Die Vorhersage fürs Wochenende lautet klar: Spannung pur in Krems! Am Samstag, den 20. September, wird in der Sporthalle Krems um 19:00 Uhr das HLA MEISTERLIGA Duell FÖRTHOF UHK Krems vs. ALPLA HC Hard angepfiffen.

Kaum hat die neue Saison begonnen, kommt es schon zur Neuauflage des Vorjahresfinales. Damals jubelte Krems über den Meistertitel – nun brennen die Vorarlberger darauf, Revanche zu nehmen.

 

Die Ausgangslage verspricht Spannung: Hard wartet nach zwei Spieltagen noch auf den ersten Sieg. Ein hart erkämpftes 29:29 in Hollabrunn und die deutliche 27:32-Heimniederlage gegen Ferlach haben die Roten Teufel unter Druck gesetzt.

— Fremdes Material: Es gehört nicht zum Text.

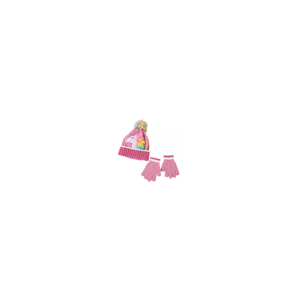 Zestaw zimowy dla dzieci czapka i rękawiczki różowe w jednorożca

Auch der Meister aus Krems hat noch nicht restlos überzeugt: Ein hauchdünner 27:26-Heimsieg gegen die HSG Xentis Lipizzanerheimat sowie eine knappe 28:29-Auswärtsniederlage gegen die BT Füchse Auto Pichler zeigen, dass auch der Titelverteidiger noch nicht auf Touren gekommen ist.

 

Eines ist klar: Fallen ist erlaubt – Liegenbleiben nicht. Die Roten Teufel wollen sich nach oben kämpfen und sind heiß auf Runde Drei! Die Fans dürfen sich also auf ein echtes Handball-Spektakel freuen – ob live in der Sporthalle Krems oder vor dem TV bei der Live-Übertragung von SPORT Krone.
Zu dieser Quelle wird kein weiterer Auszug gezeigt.